* _What this task involves_: Give again, exactly as written, each line of the material below starting at the line that contains "プラダ ナッパレザー ギャザー" and ending at the line that contains "A França visitou". Both ends count, and no other line does.

* _Provided information_:
* * * * *

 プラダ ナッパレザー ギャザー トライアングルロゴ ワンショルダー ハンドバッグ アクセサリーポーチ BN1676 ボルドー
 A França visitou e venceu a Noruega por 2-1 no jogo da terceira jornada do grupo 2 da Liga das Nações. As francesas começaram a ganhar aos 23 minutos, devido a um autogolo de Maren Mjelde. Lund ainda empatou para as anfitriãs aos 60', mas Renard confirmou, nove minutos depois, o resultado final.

* * * * *

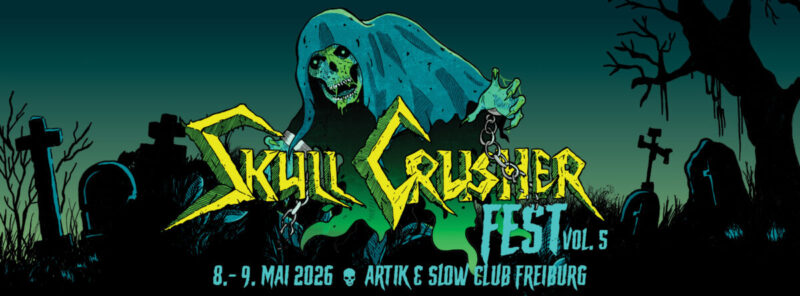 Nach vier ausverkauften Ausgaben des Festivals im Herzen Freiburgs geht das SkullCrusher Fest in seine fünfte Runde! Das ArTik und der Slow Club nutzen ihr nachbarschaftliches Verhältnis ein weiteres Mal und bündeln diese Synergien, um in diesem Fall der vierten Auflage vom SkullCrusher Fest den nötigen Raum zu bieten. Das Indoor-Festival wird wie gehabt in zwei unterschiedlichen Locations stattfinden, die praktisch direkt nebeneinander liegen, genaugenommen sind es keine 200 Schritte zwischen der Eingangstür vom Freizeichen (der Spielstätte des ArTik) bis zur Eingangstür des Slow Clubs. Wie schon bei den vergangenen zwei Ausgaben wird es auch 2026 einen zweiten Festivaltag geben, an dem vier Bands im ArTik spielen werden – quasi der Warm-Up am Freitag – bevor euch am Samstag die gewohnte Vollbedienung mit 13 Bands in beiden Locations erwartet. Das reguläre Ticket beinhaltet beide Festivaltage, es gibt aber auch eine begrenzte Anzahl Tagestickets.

* * * * *

* _Answer to this exercise_:
 プラダ ナッパレザー ギャザー トライアングルロゴ ワンショルダー ハンドバッグ アクセサリーポーチ BN1676 ボルドー
 A França visitou e venceu a Noruega por 2-1 no jogo da terceira jornada do grupo 2 da Liga das Nações. As francesas começaram a ganhar aos 23 minutos, devido a um autogolo de Maren Mjelde. Lund ainda empatou para as anfitriãs aos 60', mas Renard confirmou, nove minutos depois, o resultado final.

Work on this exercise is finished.